However I agree with you on the two points I think you're trying to convey ... Attitude .. which is a key factor when I'm recruiting staff and the having to unteach people bit.

cheers!
zeph


----------



## chefross (May 5, 2010)

zeph zpiteri said:


> you have something wrong in your post as I've read it multiple times and even tho I'm into my second bottle of Foxey's Hangout's shiraz I'm sure it doesn't make sense when I read it.
> 
> However I agree with you on the two points I think you're trying to convey ... Attitude .. which is a key factor when I'm recruiting staff and the having to unteach people bit.
> 
> ...


I didn't read what you read into it. Indeed attitude is very important. A person's perception of both their experience, knowledge, as well as skill level can be a detriment. They make you believe they can do something. You take the time to show them how you want it and walk away. Half hour later you came back and see that they took it upon themselves to change the parameters because they thought it was better.
Sorry....I understood cheflayne quite well......perhaps it was the Syrah.....?


----------



## foodpump (Oct 10, 2005)

If they bring to much baggage I have to hear that song we all know so well. The song is " We did it this way in the last place I worked" I never want to hear that song again.[/QUOTE]

Ah, that song.
My response to that song is:
"That's nice. You're in ( name of establishment) "x" now. You do it the "X" way because that's what "X" customer expect and pay for. Now, are you going to show me you're competent enough to follow orders, or are you stupid enough to get fired on your first week?"


----------



## peachcreek (Sep 21, 2001)

Where you got your education isn't as important as knowing what you know and what to do with it. Work is about the here and now and where you are going, not so much how you got here.
My opinion.
Peachcreek


----------



## panini (Jul 28, 2001)

It sounds like most are referring to the hot side of the kitchen. Now in the bakery, you know, the skilled culinary art, it's a bit different.
Instead of pulling a steak out of the box and cooking it, those of us on the skilled culinary pastry side, well we have to make our steaks and then cook them.
Jesting.
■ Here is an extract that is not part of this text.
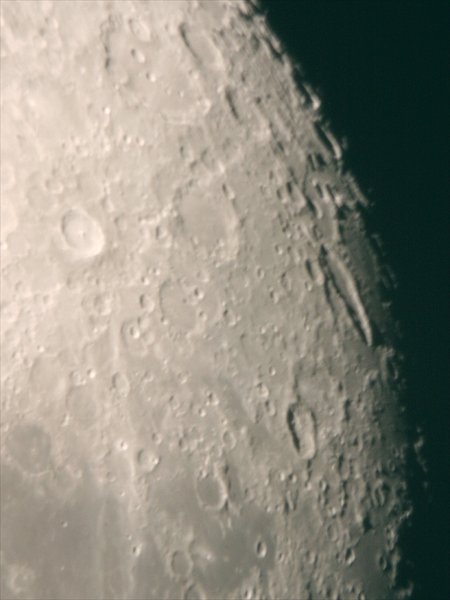 | 月面(月齢10.9)南部−ティコ〜シラー 撮影日時 : 2004年11月23日 21時12分 望遠鏡 : Vixen R200SS D200mm F4、Televue 5X Powermate F28 カメラ : Canonの一眼レフデジカメ EOS 10D 露出時間 : 1/20秒 撮影条件 : 感度 ISO 400相当、ホワイトバランス:太陽 画像サイズ : 3072x2048pixelsをリサイズ&トリミング 撮影場所 : 自宅のベランダ 備考 : 縦長のクレータがシラーで、左側の明るいクレータが ティコです。 |

Personally, if I had my choice to hire someone with vast experience, or a newbie culinary grad or even a career changer with home baking experience (more to risk to them), I would chose the latter.
As some have mentioned, the song! The song doesn't bother me but I get infuriated when a new hire is shown something, does it that way while you're there. Then go back to their way after you've gone.
Did I tell you I've switched out my cameras in the kitchen, to cameras with audio. Better than TV when you work out of the house. Just kidding.
Actually, just signed for another 15 yrs. If one of the professionals here knows of someone looking for a change, we are moving forward. Grooming my niece to step up. I'm backed out already. We're looking for the right person to join the family. After some probationary time and better than average compensation I'm willing to hand over a risk free, no buy-in, no business debt since 2001, equal % ownership. I'm posting something on the other board, interns or something.
We were named in one of the small business rags as "a hospitality industry anomaly". 22 yrs. same location, showing an increase in revenue every year since inception. Even through the 2008+ period. Very nice interview. At the airport exec. lounge. She ordered in fast food.
Finished my coffee, looked around. She bolted and left me with the tab. Nice!


----------



## ktanasy (May 6, 2010)

sgmchef said:


> Hi Cheftalk,
> 
> I ask this question to perhaps assist aspiring Chefs to hear from Chefs and owners about their views on young cooks beginning their culinary journey. Just like the kitchen, there are tons of variables and no right or wrong answers. The obvious answer is both, of course, but for the young cooks out there trying to make decisions about the costs and time of certification your answers might help their process.
> 
> ...


I would hire someone with experience.
In the US your required to be certified in health laws and procedures.


----------



## linecookliz (Jun 8, 2017)

Depends on how much labor cost I have to play with. Experience is preferred though.


----------



## NnamAries (Apr 26, 2019)

sgmchef said:


> Hi Cheftalk,
> 
> I ask this question to perhaps assist aspiring Chefs to hear from Chefs and owners about their views on young cooks beginning their culinary journey. Just like the kitchen, there are tons of variables and no right or wrong answers. The obvious answer is both, of course, but for the young cooks out there trying to make decisions about the costs and time of certification your answers might help their process.
> 
> ...


I am very big on experiences, but above all, I'd like to work with someone who doesn't work too much by the book.


----------



## cheflayne (Aug 21, 2004)

> I am very big on experiences, but above all, I'd like to work with someone who doesn't work too much by the book.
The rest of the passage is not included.